Landbouw: Het project oogt sympathiek. Toch kan niet worden geconcludeerd dat er sprake is van een structuurverbetering van de Flevolandse landbouw. Voor zover bekend zijn er voor de onderhavige percelen geen (toekomstige) beperkingen voor het landbouwkundig gebruik. Op bedrijfsniveau zijn er wel mogelijkheden om de economische basis te verbreden. Water: Er is geen benoemde meerwaarde voor waterkwaliteit, kwantiteit of veiligheid. Wellicht zijn er wel kansen voor een goede waterecologie. De inrichting van de kavel met natuurvriendelijke oevers zorgt voor waterberging.

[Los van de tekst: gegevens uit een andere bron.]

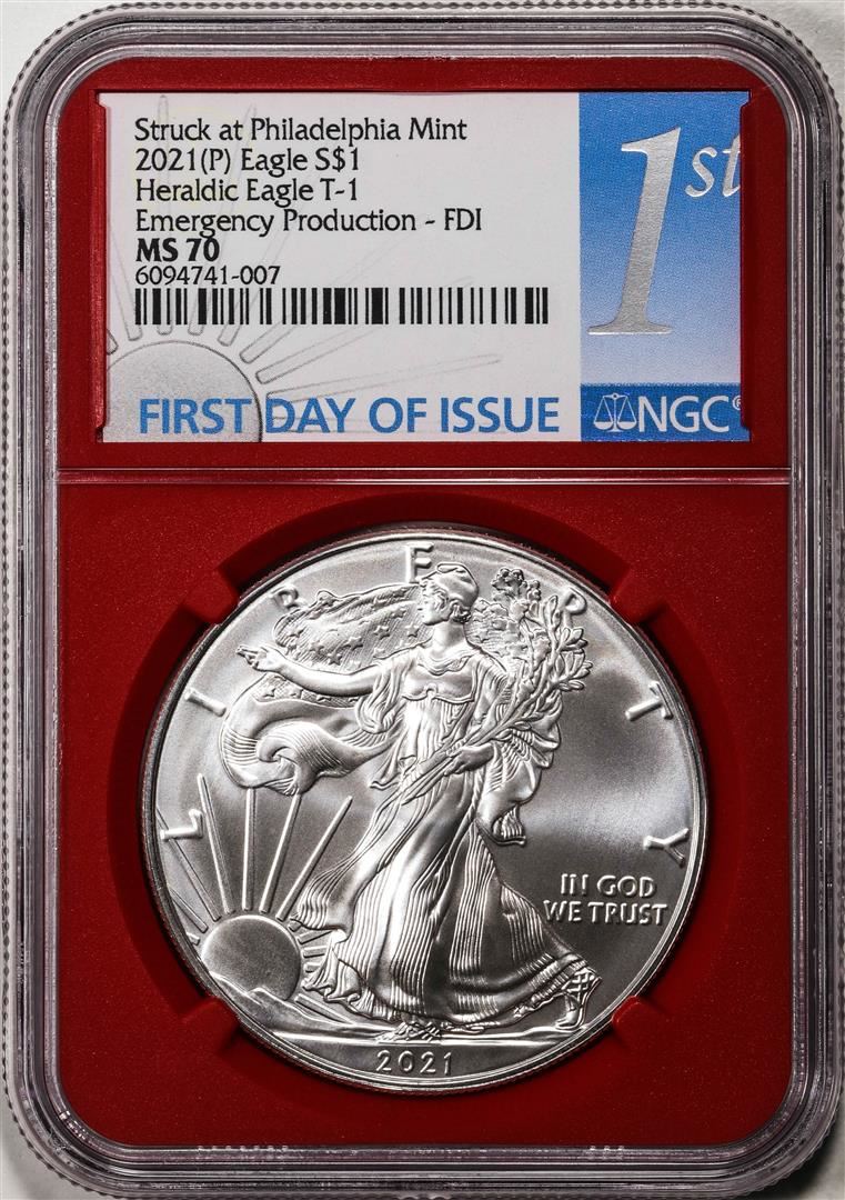 One 2021(P) Type 1 $1 American Silver Eagle Coin NGC MS70 FDI Philadelphia Red Cores. NGC Certified.

Door het extensieve bouwplan met bijbehorende gewassen zal de organische stof aanvoer groter worden waardoor het waterbergend vermogen van de bodem zal vergroten. In het projectplan is omschreven dat er een collectief natuurbeheer zal gaan plaats vinden door de plaatselijke landbouwers aan de Tarpanweg en de Beverweg. Dit draagt weldegelijk bij aan een structuurverbetering van het agrarisch gebied in dit deel van Flevoland. Criterium 9. In welke mate is sprake van maatschappelijke betrokkenheid bij en maatschappelijk draagvlak voor het project? De huidige pachters van het provinciaal ruilbedrijf aan de Tarpanweg hebben aangegeven dat zij laat geïnformeerd zijn door de projectindieners en dat natuurontwikkeling significante hinder en beperkingen oplevert voor de landbouw in het gebied. Het klopt dat de pachters de provincie gebeld hebben over het project, wat uiteraard hun goed recht is als huidige pachters. Er is met de betreffende pachters individueel contact geweest. Op korte termijn is het voor deze pachters uiteraard vervelend dat de éénjarige pacht niet voortgezet kan worden. De kans dat de kavels voor andere projecten ingezet worden is ook aanwezig waardoor zij ook de pacht niet kunnen continueren. Uit het gesprek is gebleken dat op lange termijn een gezamenlijke vorm van natuurbeheer op de kavels een win-win situatie oplevert. Wij benadrukken dat een goede relatie met onze collega’s voorop staat in het proces. Er wordt nagedacht over een begeleidingscommissie. Dit is al volledig toegelicht in het projectplan. De begeleidingscommissie vervult een spilfunctie in het projectplan. Zij bewaakt het principe van het bedrijfssysteem Natuur en Bedrijf en helpt om het bedrijfssysteem rendabel te maken.